● **Records for processing**:
========================================================================
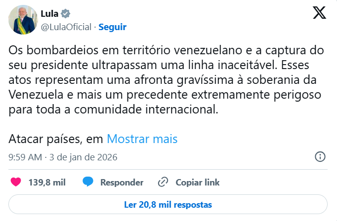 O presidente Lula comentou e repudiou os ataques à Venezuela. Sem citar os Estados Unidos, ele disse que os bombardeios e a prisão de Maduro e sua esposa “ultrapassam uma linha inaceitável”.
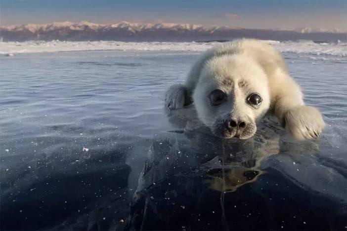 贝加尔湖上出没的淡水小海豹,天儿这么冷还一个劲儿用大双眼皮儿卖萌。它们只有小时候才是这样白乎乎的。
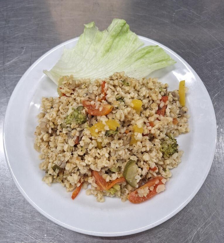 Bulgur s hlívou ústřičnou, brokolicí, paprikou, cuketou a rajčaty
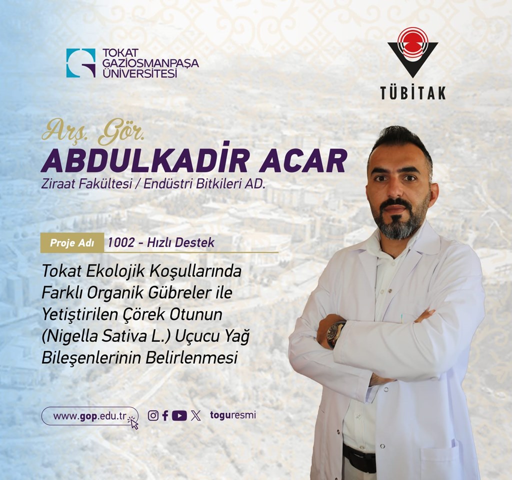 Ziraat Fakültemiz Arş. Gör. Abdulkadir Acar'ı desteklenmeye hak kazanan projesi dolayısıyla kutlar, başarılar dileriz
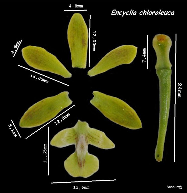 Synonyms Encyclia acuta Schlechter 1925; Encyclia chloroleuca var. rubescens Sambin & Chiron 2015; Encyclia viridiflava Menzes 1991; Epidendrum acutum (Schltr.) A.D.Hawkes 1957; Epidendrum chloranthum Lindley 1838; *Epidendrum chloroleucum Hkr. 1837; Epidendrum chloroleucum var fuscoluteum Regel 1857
========================================================================
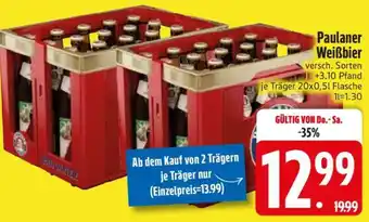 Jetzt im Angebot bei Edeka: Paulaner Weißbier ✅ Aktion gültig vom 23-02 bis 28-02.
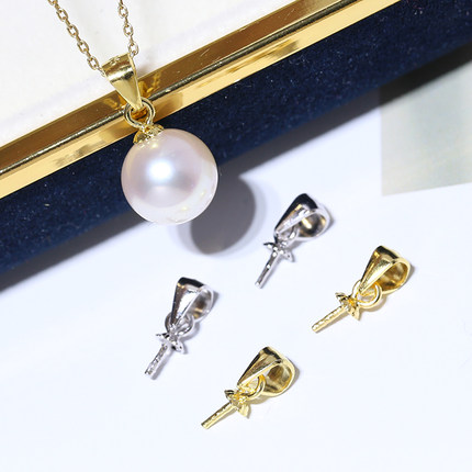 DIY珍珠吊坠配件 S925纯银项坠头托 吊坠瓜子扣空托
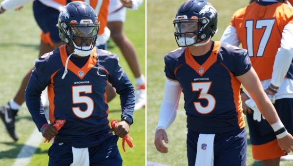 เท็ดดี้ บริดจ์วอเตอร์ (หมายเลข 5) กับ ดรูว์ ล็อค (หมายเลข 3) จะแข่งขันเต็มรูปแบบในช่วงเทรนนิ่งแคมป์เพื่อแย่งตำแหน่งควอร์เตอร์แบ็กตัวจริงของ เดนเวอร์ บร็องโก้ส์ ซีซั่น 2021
========================================================================
● **Task instructions**: Go to the line above holding "O presidente Lula", then copy exactly each line down to and including the one holding "Synonyms Encyclia acuta", leaving pictures out.

● **Task result**:
 O presidente Lula comentou e repudiou os ataques à Venezuela. Sem citar os Estados Unidos, ele disse que os bombardeios e a prisão de Maduro e sua esposa “ultrapassam uma linha inaceitável”.
 贝加尔湖上出没的淡水小海豹,天儿这么冷还一个劲儿用大双眼皮儿卖萌。它们只有小时候才是这样白乎乎的。
 Bulgur s hlívou ústřičnou, brokolicí, paprikou, cuketou a rajčaty
 Ziraat Fakültemiz Arş. Gör. Abdulkadir Acar'ı desteklenmeye hak kazanan projesi dolayısıyla kutlar, başarılar dileriz
 Synonyms Encyclia acuta Schlechter 1925; Encyclia chloroleuca var. rubescens Sambin & Chiron 2015; Encyclia viridiflava Menzes 1991; Epidendrum acutum (Schltr.) A.D.Hawkes 1957; Epidendrum chloranthum Lindley 1838; *Epidendrum chloroleucum Hkr. 1837; Epidendrum chloroleucum var fuscoluteum Regel 1857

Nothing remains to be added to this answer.